In 1927, Grace became the first person from the Hopi Reservation to travel in an airplane, going from Grand Canyon to Long Beach where she demonstrated and sold her pottery. A half-century later, Grace returned to California with her daughter, Alma, for a special showing and demonstration at the Numasters Gallery in Alhambra. By this time, Grace was well over a hundred and was recovering from a severe automobile accident. Although she walked with a cane and needed someone to comb her long hair because she could no longer reach around to the back of her head, she was still making pottery, including some very large bowls which are now collectors items.

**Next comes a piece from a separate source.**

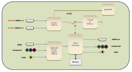 以4K系統(tǒng)為例,圖1所示的是一個(gè)典型的支持4K的系統(tǒng)。支持300MHz的接口由HDMI來(lái)實(shí)現(xiàn)。系統(tǒng)接收了4K的信號(hào)后,可以以兩種方式處理: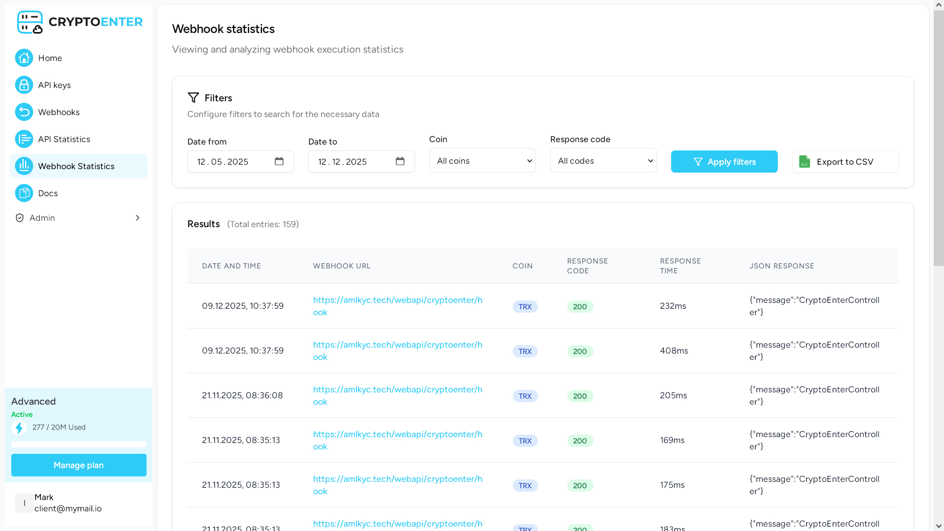 These tools help ensure optimal use of CryptoEnterβs services and keep you informed of key metrics and events related to your account. Dashboard

Throughout her long life, friends sought Grace’s company. It was not unusual to see cars with out-of-state license plates parked beside her home in Polacca. In 1967, a retired school teacher from California made her way to Polacca to bring back to Grace a jar she had purchased in Long Beach, California nearly forty years before. The teacher wanted Grace’s grandchildren to see some of Grace’s early wonderful work. Grace was the subject of study by anthropologist Gene Weltfish and ethno-archeologist Michael Stanislawski. In his popular book, Sun in the Sky, Walter O’Kane includes words of praise and a photograph of this remarkable woman. She has also been cited regularly in books about Southwestern pottery.
As a human being, Grace was gentle, compassionate, and hardworking. She had a keen sense of humor all of her 106 years. She was tolerant of those individuals who referred to her work as “Hopi pottery,” but she identified herself, and would want to be remembered, as a member of the Tewa Bear Clan and as a Tewa-Hopi pottery maker.